Wednesday, 13 April 2016

American Citizens are taking notice of threats to children`s privacy

"In 2002, the Bush administration started incentivising states to create massive databases of personal student and family information. The Obama administration aided and abetted by a roll-over Congress threw that effort into overdrive. It did so through, among other efforts, the 2009 Stimulus Bill and its Race to the Top grants. And through unauthorised regulatory changes, it stripped away vital privacy protections. (For details see the Pioneer Institute paper Cogs in the Machine.)"

"But now citizens are taking notice and are alarmed at these threats to their children’s privacy. They are pushing back with the same informed activism underlying the movements against non-instructive testing and Common Core. The huge educational-technology-industrial complex is alarmed as well not that children’s privacy is at risk, but that its cash cow may be roped in by data-privacy legislation."

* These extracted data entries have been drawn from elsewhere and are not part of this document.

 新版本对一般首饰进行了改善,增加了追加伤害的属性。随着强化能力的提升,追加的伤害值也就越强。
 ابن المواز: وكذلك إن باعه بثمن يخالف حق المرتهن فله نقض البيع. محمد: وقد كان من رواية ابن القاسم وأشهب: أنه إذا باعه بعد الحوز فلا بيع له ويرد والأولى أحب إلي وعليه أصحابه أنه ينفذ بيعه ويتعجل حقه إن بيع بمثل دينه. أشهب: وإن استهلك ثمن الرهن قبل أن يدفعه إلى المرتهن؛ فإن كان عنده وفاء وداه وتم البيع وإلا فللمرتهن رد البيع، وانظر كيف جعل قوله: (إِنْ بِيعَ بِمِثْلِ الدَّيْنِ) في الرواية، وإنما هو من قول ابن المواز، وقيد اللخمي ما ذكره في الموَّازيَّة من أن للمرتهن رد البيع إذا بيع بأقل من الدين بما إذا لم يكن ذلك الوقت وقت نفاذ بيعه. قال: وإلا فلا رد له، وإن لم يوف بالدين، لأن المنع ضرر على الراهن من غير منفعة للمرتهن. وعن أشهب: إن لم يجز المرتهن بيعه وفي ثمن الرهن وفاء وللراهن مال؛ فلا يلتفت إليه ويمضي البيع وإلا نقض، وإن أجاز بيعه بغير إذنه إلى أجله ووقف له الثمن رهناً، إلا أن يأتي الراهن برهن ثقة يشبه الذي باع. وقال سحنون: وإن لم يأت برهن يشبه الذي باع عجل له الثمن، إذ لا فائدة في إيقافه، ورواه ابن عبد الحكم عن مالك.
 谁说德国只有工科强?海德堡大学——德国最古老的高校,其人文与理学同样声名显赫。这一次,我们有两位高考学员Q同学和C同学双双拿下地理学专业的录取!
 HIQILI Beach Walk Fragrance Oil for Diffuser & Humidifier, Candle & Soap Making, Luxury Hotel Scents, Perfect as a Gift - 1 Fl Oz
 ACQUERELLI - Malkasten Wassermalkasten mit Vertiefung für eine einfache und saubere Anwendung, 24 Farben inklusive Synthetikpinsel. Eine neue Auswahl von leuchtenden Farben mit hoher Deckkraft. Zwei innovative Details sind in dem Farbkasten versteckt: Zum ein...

"An early pre-emptive strike was development of the Student Data Principles, a set of `foundational principles for using and safeguarding students’ personal information.` These principles are supported by private organisations such as the Data Quality Campaign and Common Core owner Council of Chief State School Officers, who believe fervently that education can be transformed if we just measure every conceivable aspect of a child and share those measurements with `experts` who can mutter incantations over them and create a 21st-century worker."

"Given the predilections of the creators, it’s not surprising that the principles are specific about the wonderful uses of data but less so about what should be done to secure it. But they create the illusion that these data-mongers share parents’ concerns about privacy..."

"When highly sophisticated software platforms are being used to measure children’s most sensitive psychological attributes and that is exactly what many of these `personalised learning` platforms are doing whether that data is protected from outside snooping is a subordinate problem. The major concern is that a government or a private company considers itself entitled to this information at all, for any reason."